[Data records]
------------------------------

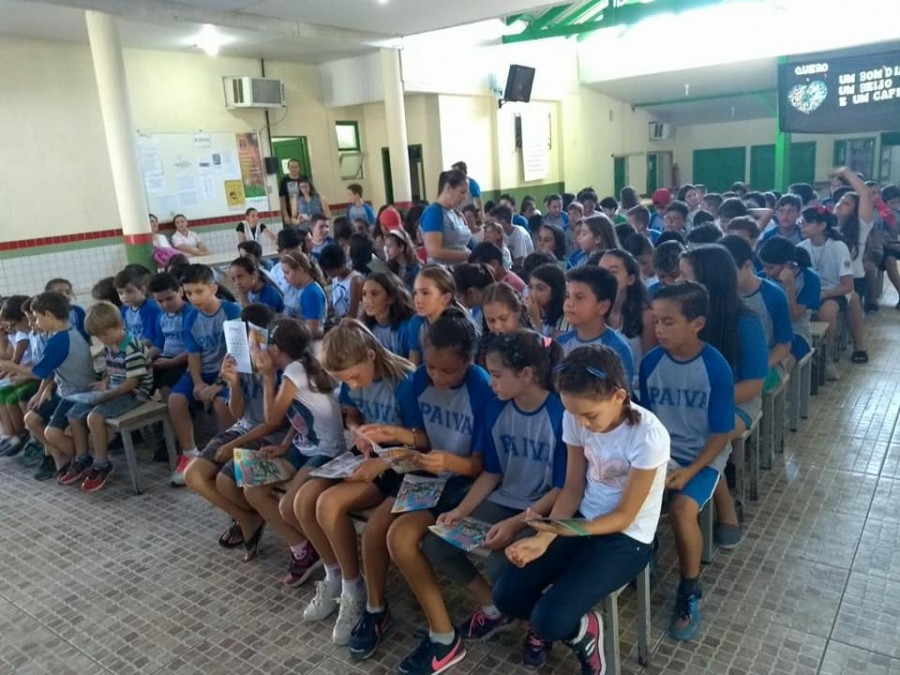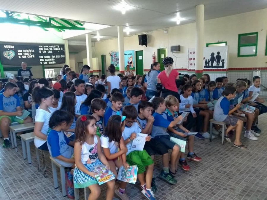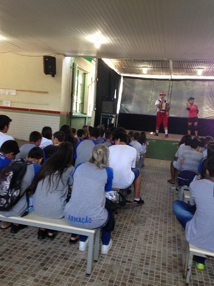 No dia 12 de abril a Escola Professor João Batista de Paiva, da cidade de Penha, recebeu apresentações do teatro Trânsito Feliz e o Bê-a-Bá da Prevenção, encenado pela dupla Rudi e Sissa, que ensina de forma divertida, conceitos sobre proteção no trânsito e a importância da cultura do seguro. Crédito das fotos: Escola Professor João Batista de Paiva
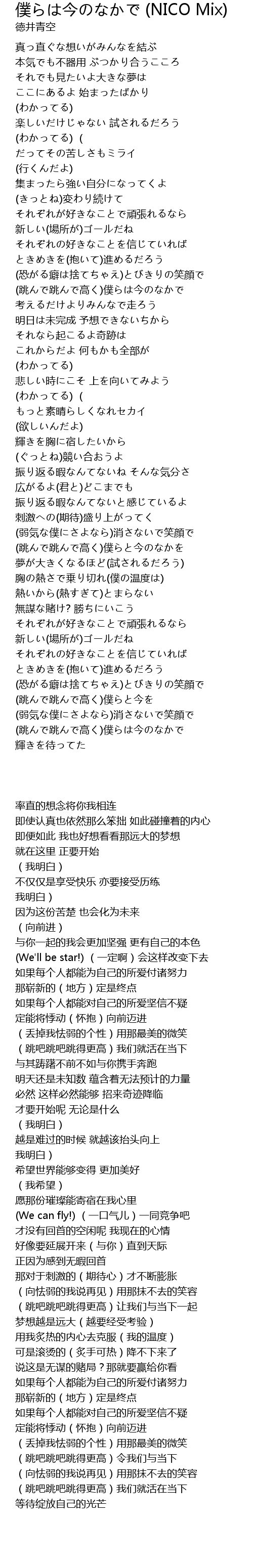 | [01:26.35] | (跳んで跳んで高く)僕らは今のなかで |
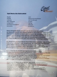 Dieses aufregende Einzelstück verbindet das Beste aus zwei Welten: den klassischen Auftritt einer Stilikone kombiniert mit modernster Technologie - elektrisch, emissionsfrei und doch voller Emotionen. Der rein batterie-elektrische Manta ist sportlich wie ein echter Opel GSe und trägt dabei stolz seine Ambitionen im Namen - ElektroMOD. MOD steht dabei für Veränderung, für technische wie stilistische MODifikationen sowie einen MODernen nachhaltigen Lebensstil. Der Vierzylinder unter der Haube ist einem Elektromotor gewichen - das „e“ in GSe bedeutet nun „elektrisch“ statt „Einspritzung“. Der Hinterradantrieb blieb beim Umbau erhalten und auch das Viergang-Getriebe verblieb im Fahrzeug.
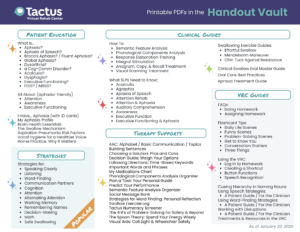 The most popular treatments from our apps are already in the Virtual Rehab Center (Naming Practice, SFA, PCA, Writing Therapy, etc.), and others will be added soon (VNeST, Apraxia Therapy, etc.) Let us know what you’d like us to redesign or add to the VRC next. We’re always seeking out input from our members!
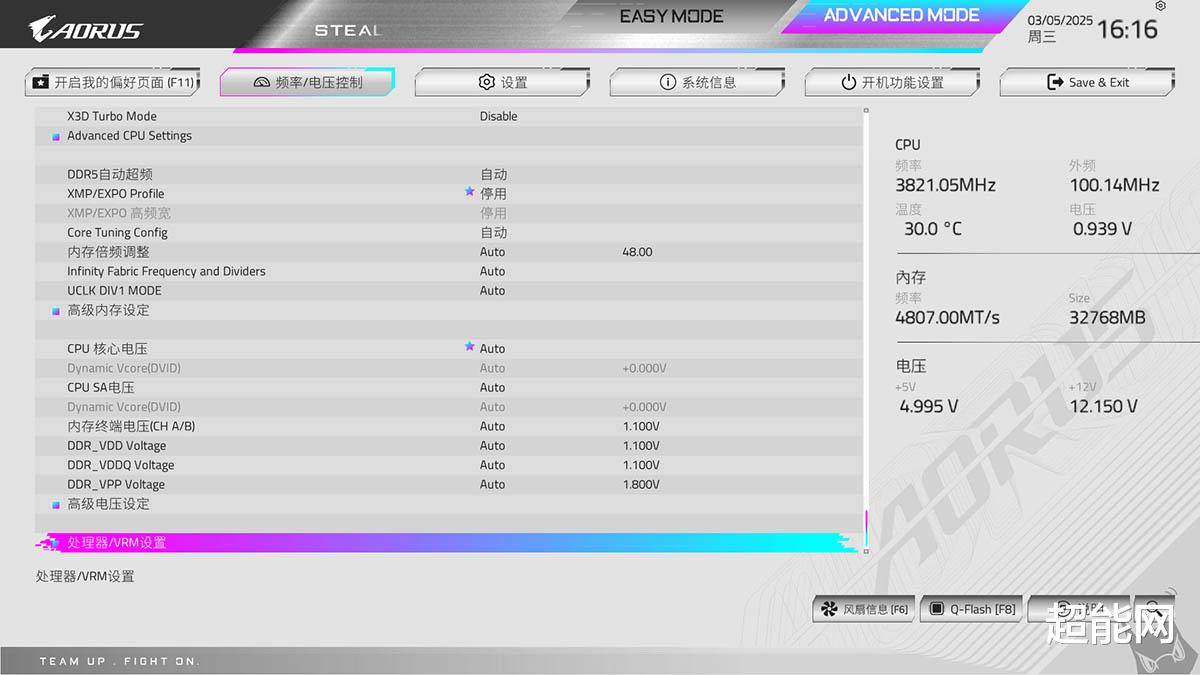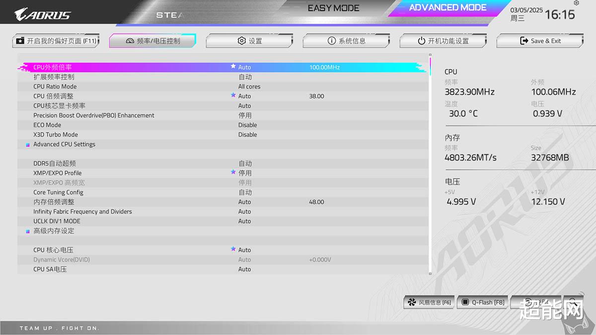 按F2切换成高级模式后,技嘉将CPU超频和内存超频的一些主要参数都罗列到了一级菜单上,比如CPU倍频调整、105W模式、内存倍频、电压调整等选项,查找起来十分方便,右侧区域则用于显示设备的主要运行状态。
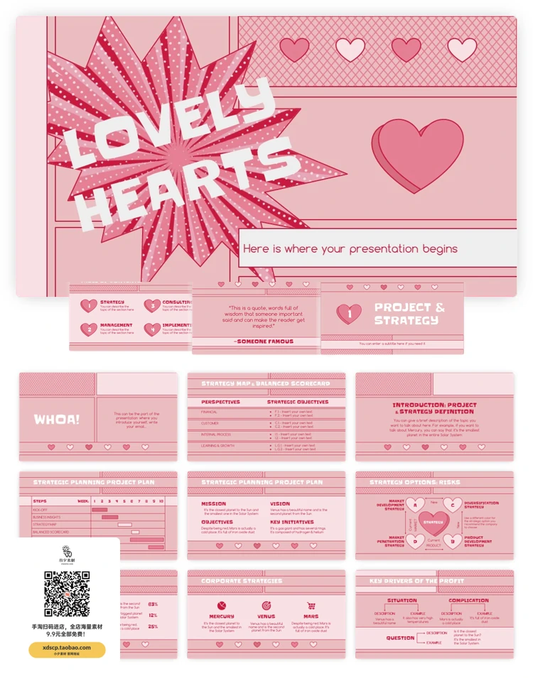 高级创意卡通趣味孟菲斯潮流渐变撞色线框课件PPT模板设计素材 15个PPTX设计模板
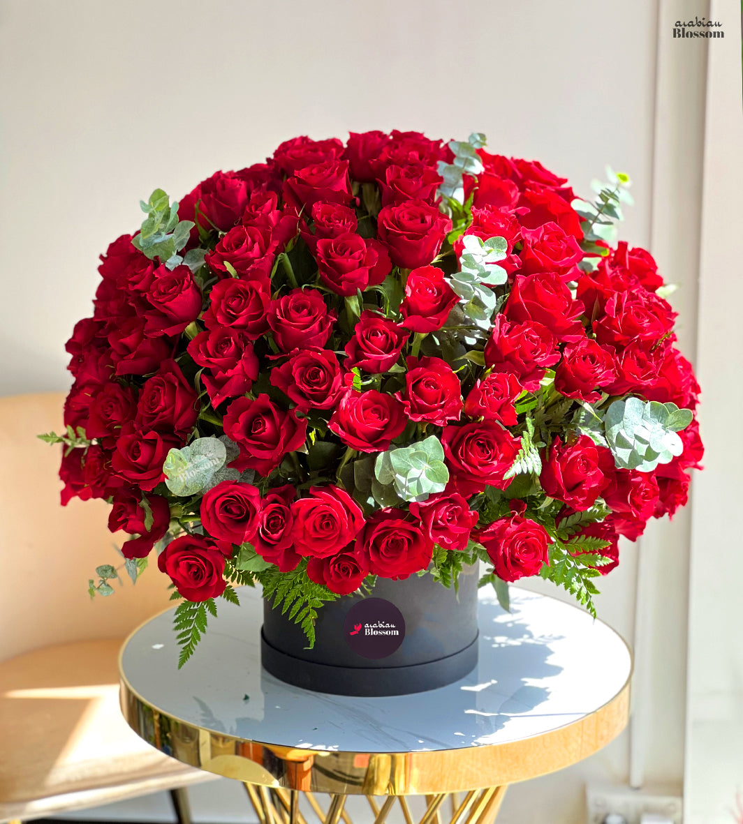 Arrangement of 100 stems of red roses with fillers of greens and eucalyptus leaves in a black box (one sided round arrangement)
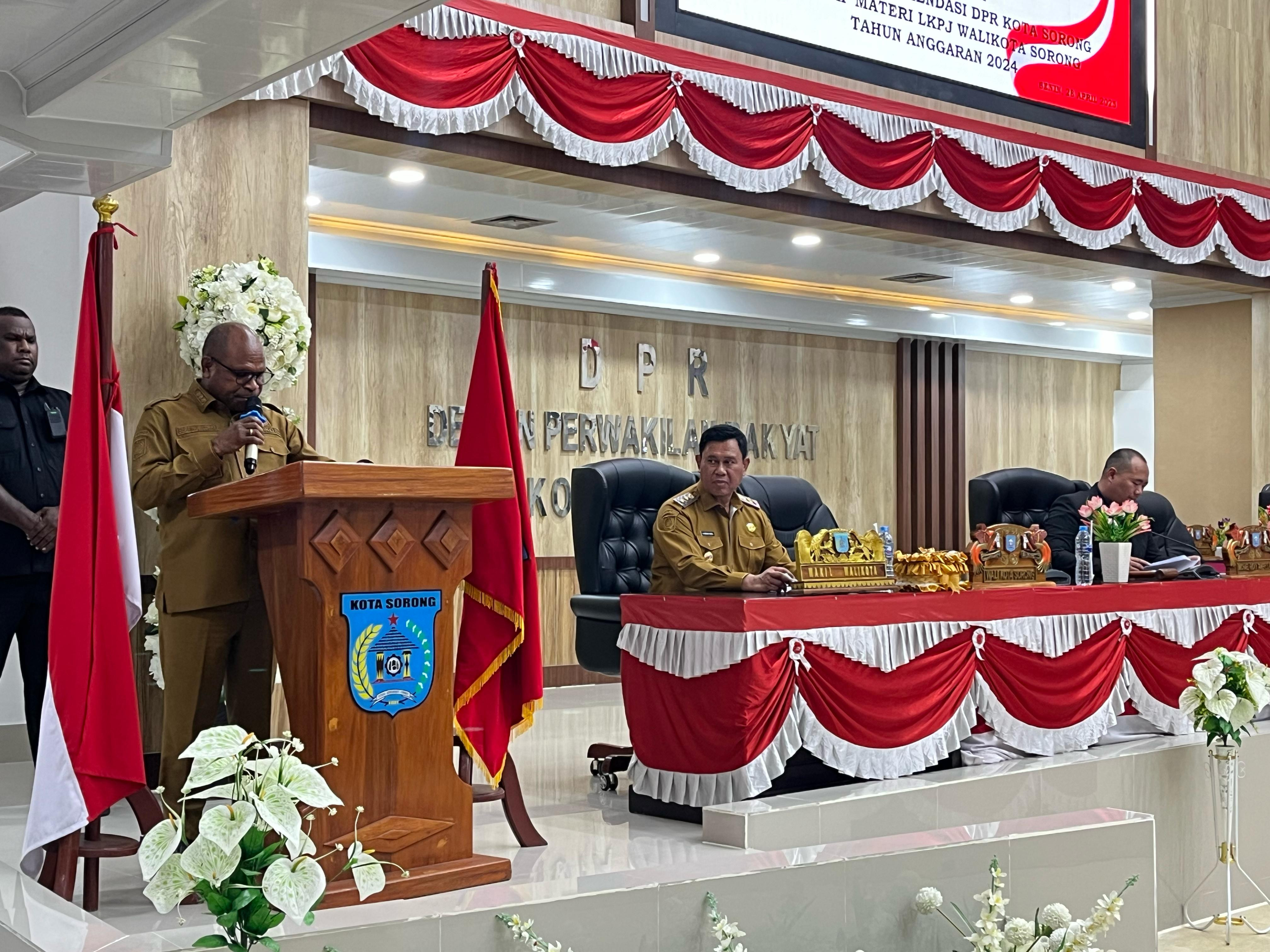 Dalam sambutan Wali Kota Sorong mengatakan Patut kita syukuri bersama dan penghargaan yang setinggi-tingginya kepada semua pihak yang telah berpartisipasi memberikan kontribusi, baik secara langsung, maupun tidak langsung terutama kepada dewan perwakilan rakyat daerah kota sorong. Terima kasih kami ucapkan atas catatan dan rekomendasi yang berupa catatan-catatan strategis yang berisikan saran, masukan dan atau koreksi terhadap penyelenggaraan urusan desentralisasi, tugas pembantu dan tugas umum pemerintahan selama tahun anggaran 2024. Keputusan itu dalam rangka perbaikan penyelenggaraan pemerintahan daerah kedepan, ucap Wali Kota Sorong.
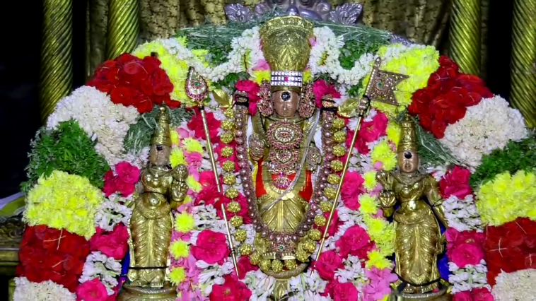 விழுப்புரம் மாவட்டம், திண்டிவனம் அடுத்த மயிலம் ஸ்ரீ வள்ளி தெய்வானை சமேத சுப்பிரமணிய சுவாமி கோவிலில் மாசி மாத கிருத்திகையை முன்னிட்டு ஸ்ரீ வள்ளி தெய்வானை சமேத சுப்பிரமணிய சுவாமி வண்ண மலர்களால் அங்கரிக்கப்பட்டு தங்கக்கவசத்தில் ரம்யமாக பக்தர்களுக்கு காட்சியளித்தனர்.

------------------------------

-- EXERCISE INSTRUCTIONS --
Set down the records above exactly as written, beginning with the first line and ending with the line that contains "[01:26.35] | (跳んで跳んで高く)僕らは今のなかで |", and do not include pictures.

-- REPLY TO THE TASK --
 No dia 12 de abril a Escola Professor João Batista de Paiva, da cidade de Penha, recebeu apresentações do teatro Trânsito Feliz e o Bê-a-Bá da Prevenção, encenado pela dupla Rudi e Sissa, que ensina de forma divertida, conceitos sobre proteção no trânsito e a importância da cultura do seguro. Crédito das fotos: Escola Professor João Batista de Paiva
 | [01:26.35] | (跳んで跳んで高く)僕らは今のなかで |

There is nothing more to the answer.